It seems like the industry is getting hyped up over Solid State Disk (SSD) drives again. Analysts have been predicting the death of electromechanical disk drives and the coming of Solid State drives for close to 3 decades now. The first ferrite memory SSD devices emerged during the era of vacuum tube computers, but were discontinued with the introduction of cheaper drum storage units. In the 1970s and 1980s, SSDs were implemented in semiconductor memory for early supercomputers of IBM, Amdahl and Cray, but the high prices make them seldom used in mainstream storage products, which is the case to this day. As of mid-2008, Flash SSD prices are still considerably more costly per gigabyte than comparable conventional hard drives. SSD is typically $2 to $3.50 per GB for flash drives compared to less than USD 0.15 per gigabyte for hard drives. With the advent of MLC (multi-bit per cell), SSD cost is being reduced by 50% in $/GB annually and analysts are expecting prices to be competitive with that of Hard Disk Drive (HDD) by 2012.
In the mean time the disk drive guys have blown past many predictions of when they would reach the Superparamagnetic Limit (the theoretical maximum number of bits that can be recorded per square in.) They have already hit 1 trillion bits per square inch (or 1 terrabit/in²), which means we will see 5TB 3.5” drives before long. Physics will catch up to them sooner or later. My prediction is that they will hit the wall within the next 10 years and SSDs will begin to take over. Seagate is already working on hybrid drives (solid state memory with a traditional disk drive), so we will have a period in the industry with hybrid drives, which promises increased performance form a front-end read/write cache combined with economical high density disk.
Today’s major impediments to the widespread usage of SSD are Flash write endurance limitation, data loss in terms of non-recoverable bit errors and random write performance. Flash-memory cells wear out after 1,000 to 10,000 write cycles for MLC, and 100,000 write cycles for SLC (single bit per cell). Some high endurance cells may have an endurance of 1–5 million write cycles, but many log files, file allocation tables, and other commonly used parts of the file system can easily exceed this over the lifetime of a computer. Special file systems or firmware designs can mitigate this problem by spreading writes over the entire device (so-called wear leveling), rather than rewriting files in place. In 2008 wear leveling was just beginning to be incorporated into devices.

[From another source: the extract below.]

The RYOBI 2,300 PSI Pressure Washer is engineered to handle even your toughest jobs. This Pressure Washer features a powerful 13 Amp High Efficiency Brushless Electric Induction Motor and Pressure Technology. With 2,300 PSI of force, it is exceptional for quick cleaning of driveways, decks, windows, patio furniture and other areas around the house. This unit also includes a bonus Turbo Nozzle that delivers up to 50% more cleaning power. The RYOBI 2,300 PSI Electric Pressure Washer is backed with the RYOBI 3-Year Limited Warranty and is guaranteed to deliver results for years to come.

In the case of HDDs, the drive industry took twenty years to perfect disk controllers to overcome electromechanical and magnetic media imperfections for reliable storage. Similarly, the SSD controllers have to evolve and mature to solve the endurance and reliability problems created by MLC Flash and the process technology as it scales from the current 65nm to smaller process nodes over the next few years. The existing SSDs that EMC and other storage vendors have announced use expensive SLC (single bit per cell) Flash chips and their controllers offer an incomplete solution to the performance, endurance and data loss problems. The global NAND Flash fabrication capacity is shifting completely to MLC owing to its higher density and lower cost, therefore SLC drives will be short lived.

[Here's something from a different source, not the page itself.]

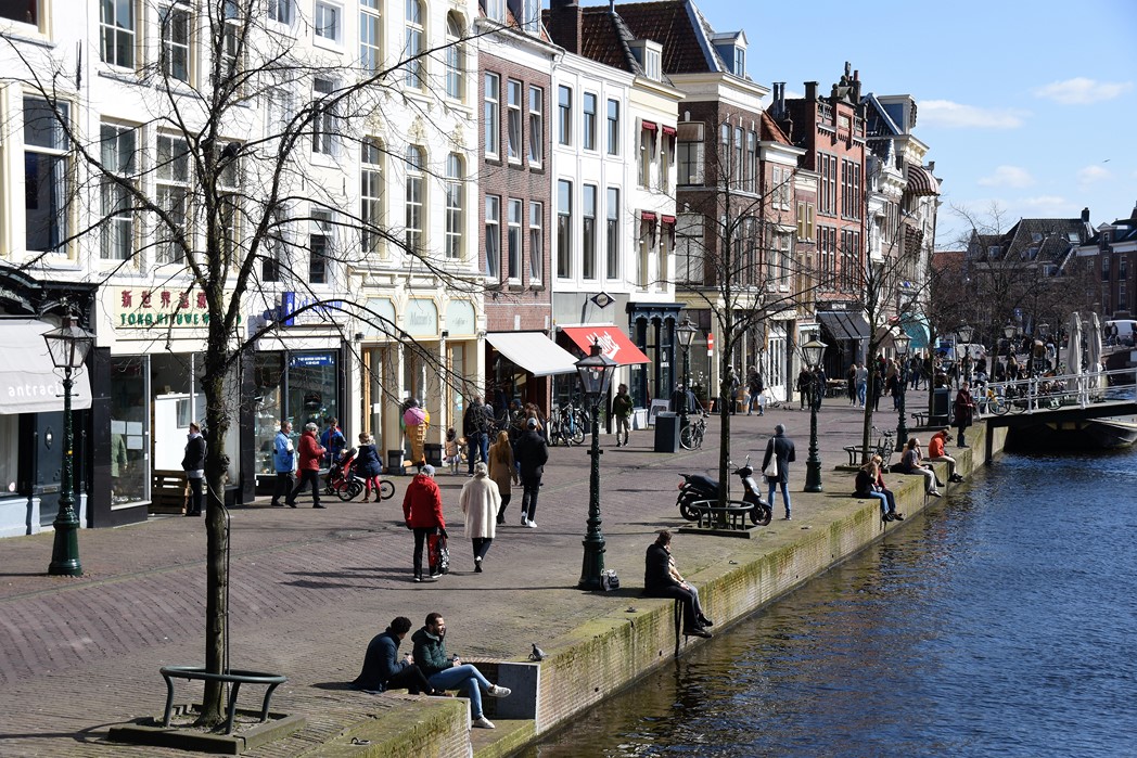 Terwijl de markt niet door ging, veel winkels hun deuren gesloten hielden en de horeca dicht is, was het zaterdag toch nog redelijk druk in het centrum. Vooral op de Nieuwe Rijn en de Aalmarkt liep veel publiek. Een enkeling stond verbaasd te kijken dat er geen markt was, maar bij de meeste mensen was dit wel bekend.

All of this suggests SSDs are at least a generation away from full usability, especially in the enterprise. However, IDC is forecasting that deployment of SSDs in enterprise computing will pick up by 2010 and that enterprise computing applications will grow from 12% of SSD revenue in 2007 to more than 50% by 2011. I believe SSDs will be predominately used for things like boot applications, or for applications requiring high random read performance, but won’t be used for primary storage applications intended for high duty cycle workloads, or applications requiring high write performance & reliability until the cost comes down further and the error correction technology for MLC flash matures.